Last summer, there were six players who moved to the Premier League from teams outside England for fees of €60m or more: Wirtz and Ekitiki to Liverpool, Sisko to Manchester United, Jokeres to Arsenal, Simons to Tottenham, and Nick Woltmad to Newcastle.

On the whole, they’ve all improved since the start of the season – across every metric per 90 mentioned previously:

Objectives: 52% increase
xG: 19.2% increase
Helps: 12.1% increase
Shah: 66% increase
Opportunities created: 6.5% increase
Screenshots: 27.2% increase
Touches inside the penalty area: 18.8%
Passes into the penalty area: 28%
Successful dribbles: 1.8%

Now, the second-half numbers we’re comparing here are a much smaller sample of games – eight or nine, compared to the 19 from the first half – but that should lower our expectations of how much they’ve improved, rather than making us wonder whether they’ve actually improved or not at all.

Wirtz, Eiktike, and Simons are all up significantly in almost every metric — and they’ve all played a lot of minutes so far in the second half. Sesko’s passing numbers have all dropped, but his shooting production has been astronomical at 90 since midway through the season.

However, he has started just two league matches this year, missing out on playing time under Manchester United interim manager Michael Carrick. But in his past four league games, totaling around 90 minutes, he has scored three goals and attempted seven shots. There’s still a lot to work with – Cisco is still only 22 years old.

Meanwhile, Woltemade is the only clear violator of the positive trend: his previously meager passing numbers are up, but he has yet to score in the second half, and his xG production is down 76%. These are all the shots he made in the second half of the season:

With Gyokeres, it’s less clear. After making Tottenham’s defenders look like they were playing Boavista on Sunday, he scored twice as many goals per 90 minutes in the second half of the season as in the first, but his xG production fell by 36%, his touches in the opposition penalty area fell at almost the same rate, and his shots per 90 fell by more than 20%.

Maybe Arsenal want him to be on the ball in the box less because it means he makes more runs into space as we saw him do with Sporting Lisbon? It hasn’t really proven itself beyond the game we just saw.

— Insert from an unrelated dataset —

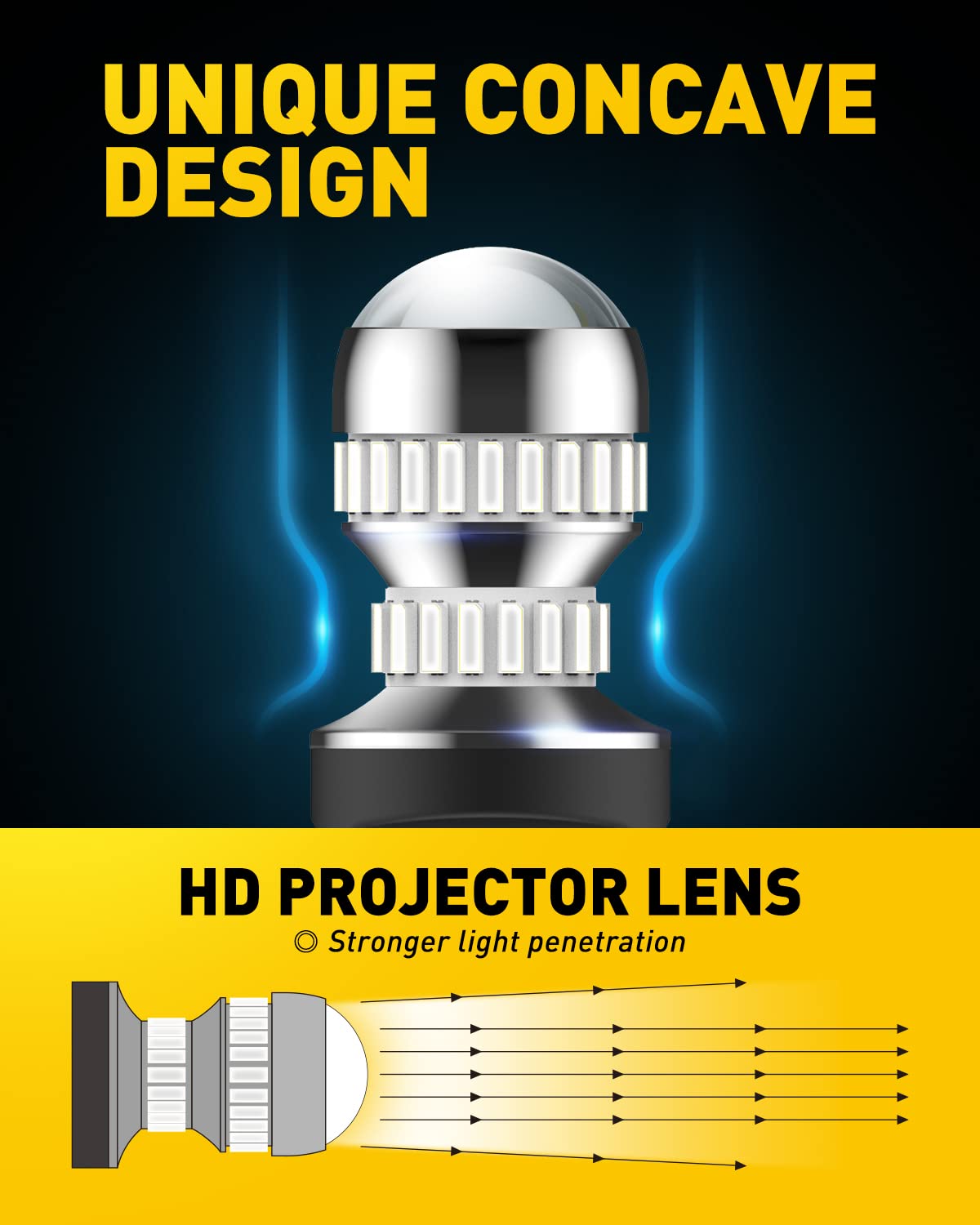 Resembling halogen bulb shape design and sequencing 54 pieces 4014-SMD LED chips precisely around the 3157 led bulb. Delivering 360° high luminous efficiency with full brilliant red light, more visible when braking

Most players will not be like Erling Haaland or Mohamed Salah and will dominate the league from the day they emerge. As we have seen so far this season – and as we have seen over the past decade – we must be more patient with players joining from different leagues. There really does seem to be a ‘bed-in’, ‘settle-in’ or ‘(insert cliche of choice)-in’ period for strikers who join the Premier League from other countries.

However, based on historical numbers, it is not as if we should expect everyone To improve at the 5% or 6% rates we specified earlier. No, we would have expected slightly more of the Premier League’s new attacking signings to show improvement in the second half of the season than they did not. We expected some to improve more from baseline, and some to decline more.

We have to give these players more time to adapt, yes, but that doesn’t mean it will always pay off.